Material provided
══════

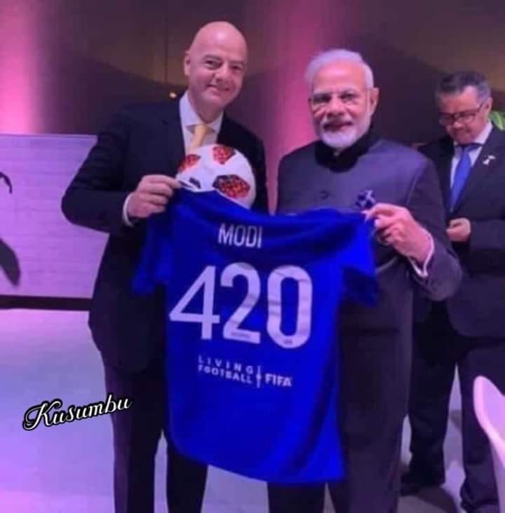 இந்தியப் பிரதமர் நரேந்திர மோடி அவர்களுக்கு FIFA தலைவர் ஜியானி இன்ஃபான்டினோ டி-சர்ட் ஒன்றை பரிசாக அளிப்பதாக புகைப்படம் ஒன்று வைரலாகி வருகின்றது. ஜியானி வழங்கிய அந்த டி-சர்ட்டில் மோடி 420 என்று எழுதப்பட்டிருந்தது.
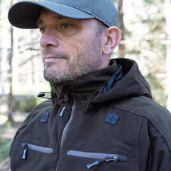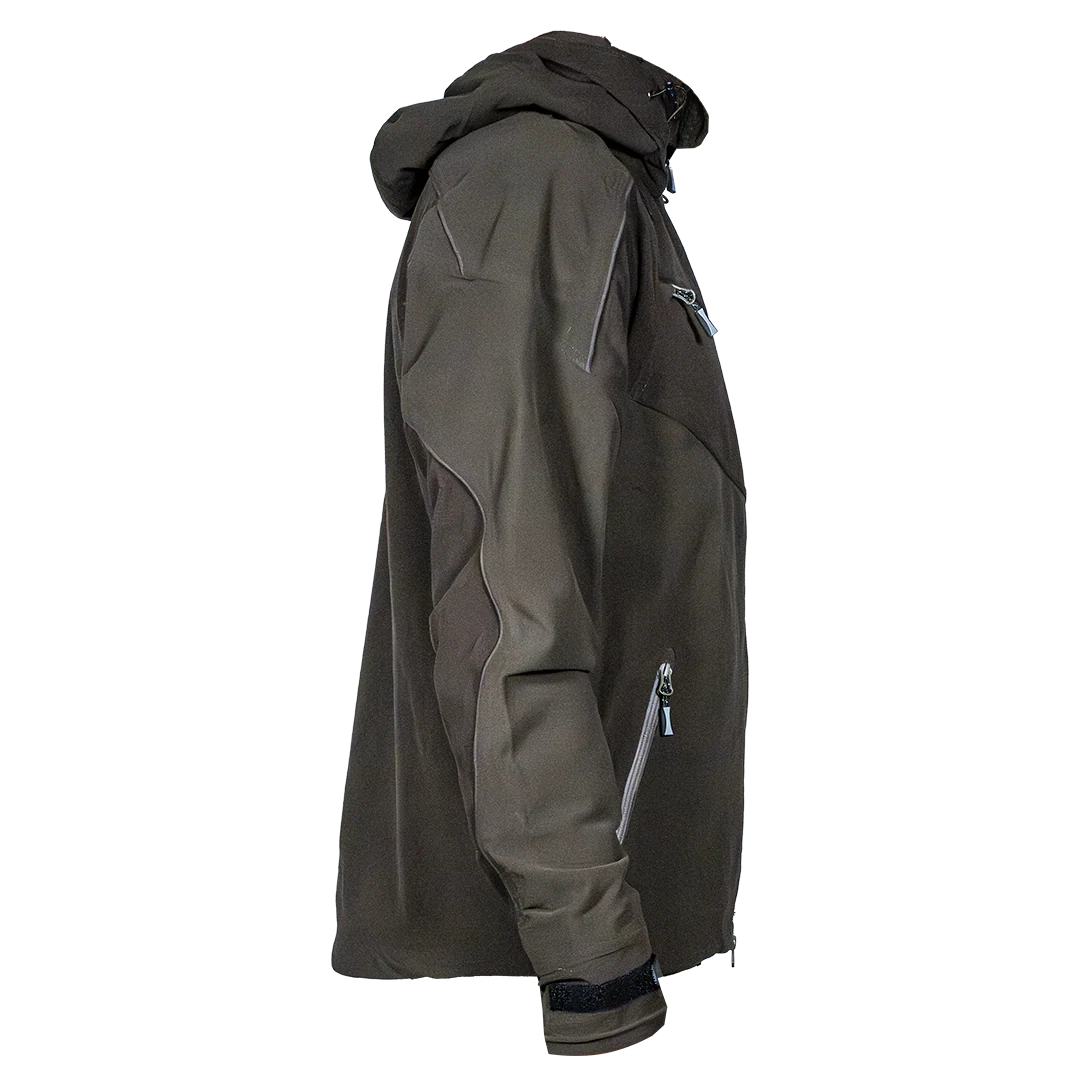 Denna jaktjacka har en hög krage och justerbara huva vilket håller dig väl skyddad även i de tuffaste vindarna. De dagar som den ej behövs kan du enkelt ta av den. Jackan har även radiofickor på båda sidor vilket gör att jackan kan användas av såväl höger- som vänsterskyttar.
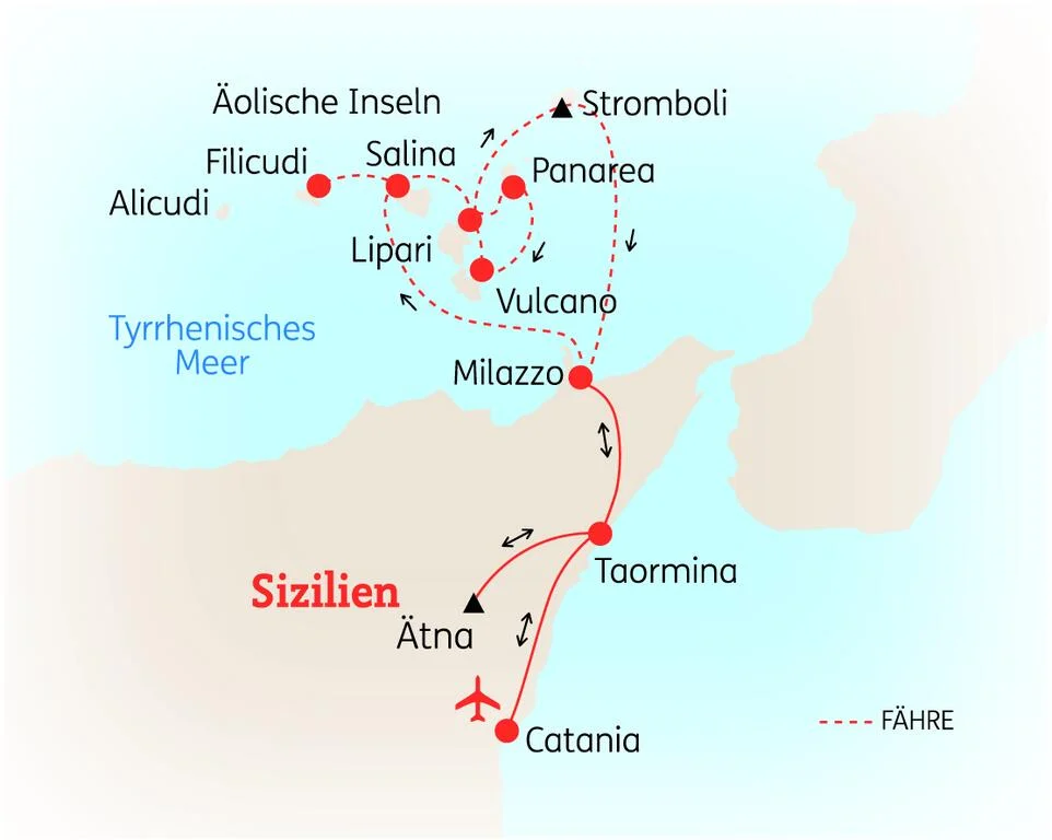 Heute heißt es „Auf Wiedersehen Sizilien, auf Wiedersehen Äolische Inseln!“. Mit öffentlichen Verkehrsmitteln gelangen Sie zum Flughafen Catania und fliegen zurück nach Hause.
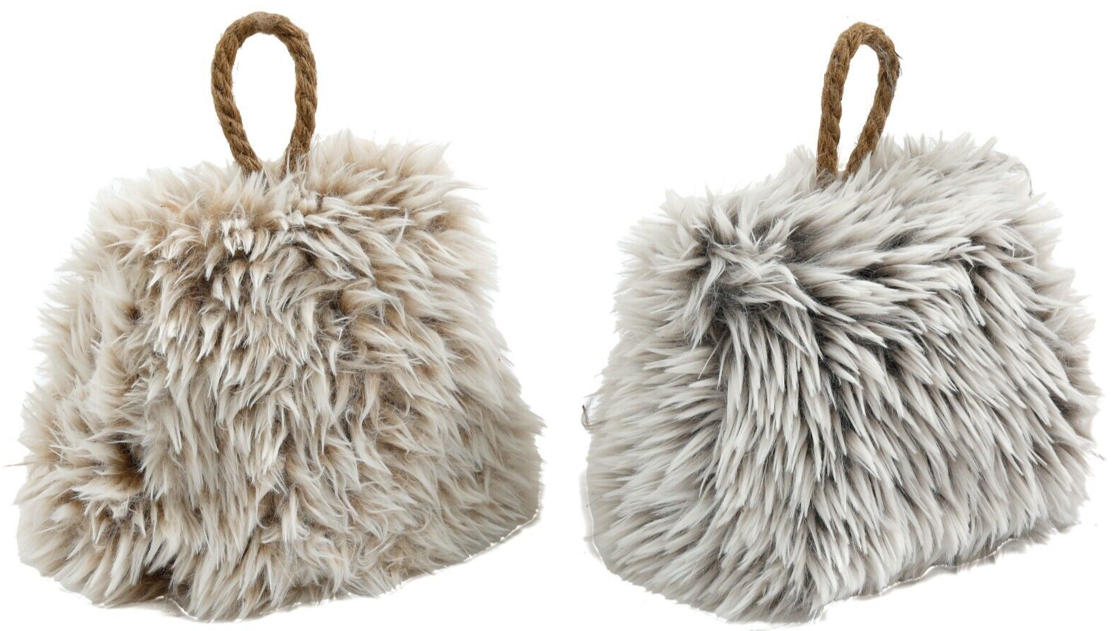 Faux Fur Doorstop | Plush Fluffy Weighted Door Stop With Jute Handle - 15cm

══════

What you need to do
Your copy should hold only the lines from the one containing "Denna jaktjacka har" through the last line of the listing, both included, retyped exactly and free of pictures.

Exercise response
 Denna jaktjacka har en hög krage och justerbara huva vilket håller dig väl skyddad även i de tuffaste vindarna. De dagar som den ej behövs kan du enkelt ta av den. Jackan har även radiofickor på båda sidor vilket gör att jackan kan användas av såväl höger- som vänsterskyttar.
 Heute heißt es „Auf Wiedersehen Sizilien, auf Wiedersehen Äolische Inseln!“. Mit öffentlichen Verkehrsmitteln gelangen Sie zum Flughafen Catania und fliegen zurück nach Hause.
 Faux Fur Doorstop | Plush Fluffy Weighted Door Stop With Jute Handle - 15cm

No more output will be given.